Files to update: every provider class under backend/app/providers/ that handles target_type=FACTORS.


Part 3 — Stale factor tracking (last_seen_job_id)

After the upsert, factors not in the new batch are silently kept (unlike the old delete-and-reinsert behavior). To make this visible to operators:

ALTER TABLE factors
  ADD COLUMN last_seen_job_id INTEGER REFERENCES data_ingestion_jobs(id);

CREATE INDEX ix_factors_last_seen_job_id ON factors (last_seen_job_id);

Stale factors detected by:

SELECT f.*
  FROM factors f
  LEFT JOIN data_ingestion_jobs latest
    ON latest.module_type_id = ...        -- joined on the latest is_current
                                           --  factor job for this combo
 WHERE f.last_seen_job_id < latest.id;

Surface this in a separate read endpoint (e.g. GET /factors/stale?year=2025) — UI can warn operators that some factors are no longer in the upload but are still referenced. Not deleted because deletion would re-introduce dangling FKs.

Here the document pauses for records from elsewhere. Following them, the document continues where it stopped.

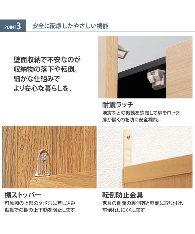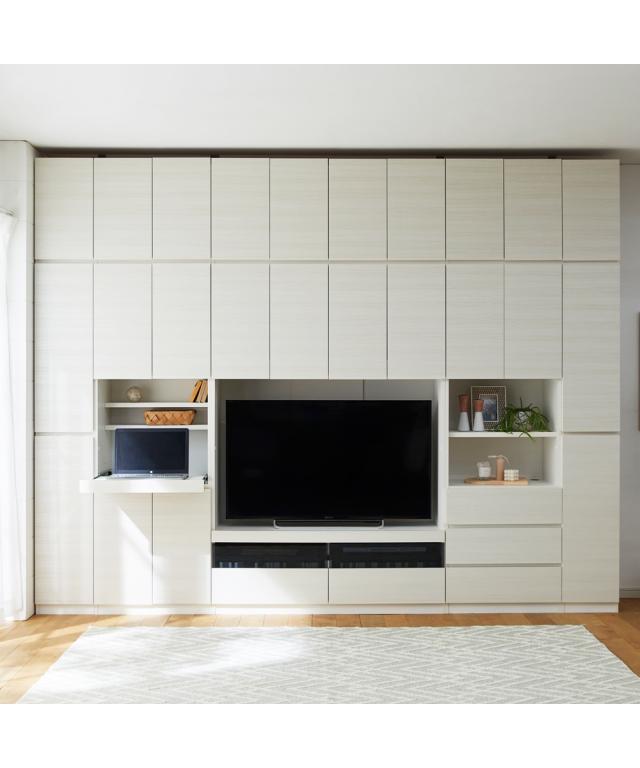 [keyword] 家具 収納 インテリア 木製 シンプル ベーシック 定番 おしゃれ ナチュラル 一人暮らし 大学生 社会人 ワンルーム 1K 1DK 新生活 [comment] 壁にすっきり収まって、大容量な収納力の壁面収納。扉付きなので見た目すっきり、大量に収納できます。扉自身に手をかけて開閉するタイプなので、取っ手のでっぱりがなく、スタイリッシュなデザインです。手をかける部分は手にやさしい丸みのあるフォルムになっています。扉にはダンパーが付いていて、ゆっくり静かに閉まる、やさしい仕様です。すべての移動棚は、背面板との間に隙間があるので、棚板の上下間で配線を通すことができます。棚の下側、側板には左右に配線穴が開いているので、棚を並べて置いた時にも、連結した棚を通して配線をすっきり横に流すことができます。家電などを中にしまっても配線がしやすく、便利です。
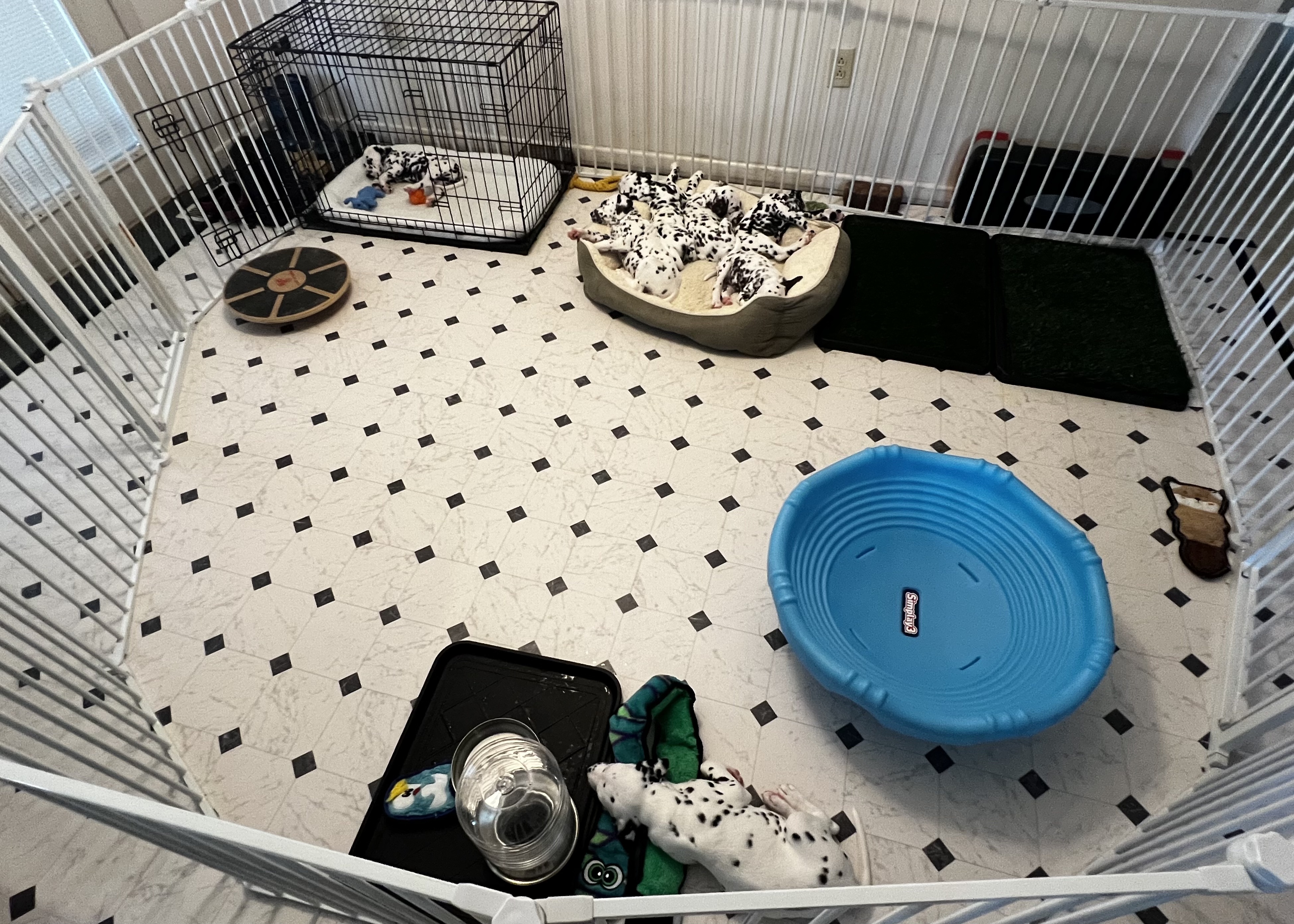 Some people suggest getting a small crate for the puppies to grow in and upgrading when they become older, but we don’t particularly suggest that. We have had success with using a medium – large size crate connected to an exercise pen and then slowly removing the space that the exercise pen provides. We use one side as a sleeping area (crate) and the other side for moving around, potty, and play.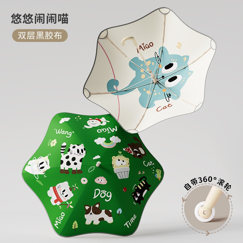 • 이중 비닐 둥근 모서리 롤러 어린이 우산 - 마스터 야옹야옹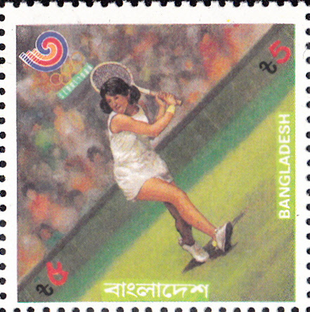 Hier eine Marke aus Bangladesch (MiNr 279) zu den Olympischen Spielen in Seoul mit einer Tennisspielerin.

Part 4 — Auto-recalculation after factor ingest

Trigger point

At the end of run_sync_task (backend/app/tasks/ingestion_tasks.py), after data_session.commit() and before the final _update_job(state=FINISHED, ...):

if job.target_type == TargetType.FACTORS and final_result != IngestionResult.ERROR:
    await _enqueue_stale_recalculations(
        job_session,
        module_type_id=job.module_type_id,
        data_entry_type_id=job.data_entry_type_id,
        year=job.year,
        pipeline_id=job.pipeline_id or uuid4(),  # promote single job into a pipeline
    )

_enqueue_stale_recalculations

async def _enqueue_stale_recalculations(
    session: AsyncSession,
    *,
    module_type_id: Optional[int],
    data_entry_type_id: Optional[int],
    year: int,
    pipeline_id: UUID,
) -> None:
    """
    Create one emission_recalc job per stale (module, det) and fire each via
    asyncio.create_task. Children inherit pipeline_id from the parent factor job.
    """
    repo = DataIngestionRepository(session)
    rows = await repo.get_recalculation_status_by_year(year)
    targets = [
        r for r in rows
        if r["needs_recalculation"]
        and (module_type_id is None or r["module_type_id"] == module_type_id)
        and (data_entry_type_id is None or r["data_entry_type_id"] == data_entry_type_id)
    ]
    for row in targets:
        new_job = DataIngestionJob(
            job_type           = "emission_recalc",
            module_type_id     = row["module_type_id"],
            data_entry_type_id = row["data_entry_type_id"],
            year               = year,
            ingestion_method   = IngestionMethod.computed,
            target_type        = TargetType.DATA_ENTRIES,
            entity_type        = EntityType.MODULE_PER_YEAR,
            state              = IngestionState.NOT_STARTED,
            pipeline_id        = pipeline_id,
            run_after          = func.now(),
            meta               = {"config": {
                "year": year,
                "data_entry_type_id": row["data_entry_type_id"],
                "parent_job_id": current_job_id,
            }},
        )
        created = await repo.create_ingestion_job(new_job)
        await session.commit()
        # Fire chain via asyncio.create_task; safety poller picks up if pod crashes
        asyncio.create_task(
            run_recalculation_task(
                row["module_type_id"], row["data_entry_type_id"], year, created.id,
            )
        )

This helper becomes throwaway code once Plan C lands — Plan C generalizes it into chain_job(parent, job_type, ...) used by every handler. We keep the implementation self-contained in Plan B so each plan can ship independently.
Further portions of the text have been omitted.